• What to work on: Retype every record that appears below, unchanged.

• Data shown:
>>>
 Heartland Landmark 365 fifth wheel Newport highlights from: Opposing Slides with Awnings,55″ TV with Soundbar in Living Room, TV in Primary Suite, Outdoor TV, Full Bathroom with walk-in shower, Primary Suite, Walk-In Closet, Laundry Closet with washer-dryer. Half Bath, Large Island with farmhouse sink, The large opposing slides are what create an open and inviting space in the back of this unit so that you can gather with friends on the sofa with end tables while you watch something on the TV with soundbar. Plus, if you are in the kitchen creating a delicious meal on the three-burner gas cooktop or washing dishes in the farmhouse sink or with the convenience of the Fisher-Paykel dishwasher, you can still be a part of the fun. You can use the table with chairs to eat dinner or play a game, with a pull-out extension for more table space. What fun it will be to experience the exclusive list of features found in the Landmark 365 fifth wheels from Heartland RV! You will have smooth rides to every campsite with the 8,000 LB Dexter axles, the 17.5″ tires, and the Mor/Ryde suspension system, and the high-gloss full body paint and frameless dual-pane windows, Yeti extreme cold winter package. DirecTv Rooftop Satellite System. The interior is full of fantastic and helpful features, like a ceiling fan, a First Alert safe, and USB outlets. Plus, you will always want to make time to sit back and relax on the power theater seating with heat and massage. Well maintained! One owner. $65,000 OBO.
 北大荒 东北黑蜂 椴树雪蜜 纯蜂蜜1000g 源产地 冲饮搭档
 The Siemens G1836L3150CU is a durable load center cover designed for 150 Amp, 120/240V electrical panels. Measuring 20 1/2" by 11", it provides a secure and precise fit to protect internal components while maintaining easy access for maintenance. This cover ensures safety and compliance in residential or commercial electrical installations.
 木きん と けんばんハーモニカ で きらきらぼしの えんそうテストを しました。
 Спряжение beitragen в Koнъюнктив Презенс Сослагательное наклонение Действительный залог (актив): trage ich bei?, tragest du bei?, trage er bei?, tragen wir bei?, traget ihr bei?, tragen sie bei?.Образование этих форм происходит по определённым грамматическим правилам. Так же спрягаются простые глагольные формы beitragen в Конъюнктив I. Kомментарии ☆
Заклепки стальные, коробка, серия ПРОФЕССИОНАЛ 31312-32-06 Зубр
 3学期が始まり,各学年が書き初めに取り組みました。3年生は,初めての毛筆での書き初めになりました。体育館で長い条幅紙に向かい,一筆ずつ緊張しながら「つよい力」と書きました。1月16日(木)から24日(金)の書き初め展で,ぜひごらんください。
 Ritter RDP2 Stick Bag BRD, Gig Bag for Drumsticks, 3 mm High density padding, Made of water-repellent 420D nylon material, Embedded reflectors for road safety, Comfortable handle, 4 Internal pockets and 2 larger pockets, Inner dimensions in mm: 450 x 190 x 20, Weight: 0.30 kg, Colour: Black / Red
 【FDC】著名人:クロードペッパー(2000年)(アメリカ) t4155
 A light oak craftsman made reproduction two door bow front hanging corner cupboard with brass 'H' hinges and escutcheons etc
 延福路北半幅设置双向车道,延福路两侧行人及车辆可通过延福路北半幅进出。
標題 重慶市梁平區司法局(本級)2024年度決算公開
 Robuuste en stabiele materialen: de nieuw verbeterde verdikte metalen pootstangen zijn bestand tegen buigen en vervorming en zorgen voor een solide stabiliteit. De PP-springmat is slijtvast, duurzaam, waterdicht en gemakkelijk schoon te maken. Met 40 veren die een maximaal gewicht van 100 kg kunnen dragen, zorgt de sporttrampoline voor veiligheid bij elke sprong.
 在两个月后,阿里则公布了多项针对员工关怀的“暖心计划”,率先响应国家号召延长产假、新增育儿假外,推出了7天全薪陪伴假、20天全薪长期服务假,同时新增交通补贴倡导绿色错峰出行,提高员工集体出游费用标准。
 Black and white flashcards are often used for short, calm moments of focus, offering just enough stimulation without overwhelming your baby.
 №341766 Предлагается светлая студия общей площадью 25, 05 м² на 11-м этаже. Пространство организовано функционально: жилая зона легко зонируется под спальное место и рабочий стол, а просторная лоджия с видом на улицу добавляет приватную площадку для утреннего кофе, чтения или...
<<<
• Solution for this exercise:
 Heartland Landmark 365 fifth wheel Newport highlights from: Opposing Slides with Awnings,55″ TV with Soundbar in Living Room, TV in Primary Suite, Outdoor TV, Full Bathroom with walk-in shower, Primary Suite, Walk-In Closet, Laundry Closet with washer-dryer. Half Bath, Large Island with farmhouse sink, The large opposing slides are what create an open and inviting space in the back of this unit so that you can gather with friends on the sofa with end tables while you watch something on the TV with soundbar. Plus, if you are in the kitchen creating a delicious meal on the three-burner gas cooktop or washing dishes in the farmhouse sink or with the convenience of the Fisher-Paykel dishwasher, you can still be a part of the fun. You can use the table with chairs to eat dinner or play a game, with a pull-out extension for more table space. What fun it will be to experience the exclusive list of features found in the Landmark 365 fifth wheels from Heartland RV! You will have smooth rides to every campsite with the 8,000 LB Dexter axles, the 17.5″ tires, and the Mor/Ryde suspension system, and the high-gloss full body paint and frameless dual-pane windows, Yeti extreme cold winter package. DirecTv Rooftop Satellite System. The interior is full of fantastic and helpful features, like a ceiling fan, a First Alert safe, and USB outlets. Plus, you will always want to make time to sit back and relax on the power theater seating with heat and massage. Well maintained! One owner. $65,000 OBO.
 北大荒 东北黑蜂 椴树雪蜜 纯蜂蜜1000g 源产地 冲饮搭档
 The Siemens G1836L3150CU is a durable load center cover designed for 150 Amp, 120/240V electrical panels. Measuring 20 1/2" by 11", it provides a secure and precise fit to protect internal components while maintaining easy access for maintenance. This cover ensures safety and compliance in residential or commercial electrical installations.
 木きん と けんばんハーモニカ で きらきらぼしの えんそうテストを しました。
 Спряжение beitragen в Koнъюнктив Презенс Сослагательное наклонение Действительный залог (актив): trage ich bei?, tragest du bei?, trage er bei?, tragen wir bei?, traget ihr bei?, tragen sie bei?.Образование этих форм происходит по определённым грамматическим правилам. Так же спрягаются простые глагольные формы beitragen в Конъюнктив I. Kомментарии ☆
Заклепки стальные, коробка, серия ПРОФЕССИОНАЛ 31312-32-06 Зубр
 3学期が始まり,各学年が書き初めに取り組みました。3年生は,初めての毛筆での書き初めになりました。体育館で長い条幅紙に向かい,一筆ずつ緊張しながら「つよい力」と書きました。1月16日(木)から24日(金)の書き初め展で,ぜひごらんください。
 Ritter RDP2 Stick Bag BRD, Gig Bag for Drumsticks, 3 mm High density padding, Made of water-repellent 420D nylon material, Embedded reflectors for road safety, Comfortable handle, 4 Internal pockets and 2 larger pockets, Inner dimensions in mm: 450 x 190 x 20, Weight: 0.30 kg, Colour: Black / Red
 【FDC】著名人:クロードペッパー(2000年)(アメリカ) t4155
 A light oak craftsman made reproduction two door bow front hanging corner cupboard with brass 'H' hinges and escutcheons etc
 延福路北半幅设置双向车道,延福路两侧行人及车辆可通过延福路北半幅进出。
標題 重慶市梁平區司法局(本級)2024年度決算公開
 Robuuste en stabiele materialen: de nieuw verbeterde verdikte metalen pootstangen zijn bestand tegen buigen en vervorming en zorgen voor een solide stabiliteit. De PP-springmat is slijtvast, duurzaam, waterdicht en gemakkelijk schoon te maken. Met 40 veren die een maximaal gewicht van 100 kg kunnen dragen, zorgt de sporttrampoline voor veiligheid bij elke sprong.
 在两个月后,阿里则公布了多项针对员工关怀的“暖心计划”,率先响应国家号召延长产假、新增育儿假外,推出了7天全薪陪伴假、20天全薪长期服务假,同时新增交通补贴倡导绿色错峰出行,提高员工集体出游费用标准。
 Black and white flashcards are often used for short, calm moments of focus, offering just enough stimulation without overwhelming your baby.
 №341766 Предлагается светлая студия общей площадью 25, 05 м² на 11-м этаже. Пространство организовано функционально: жилая зона легко зонируется под спальное место и рабочий стол, а просторная лоджия с видом на улицу добавляет приватную площадку для утреннего кофе, чтения или...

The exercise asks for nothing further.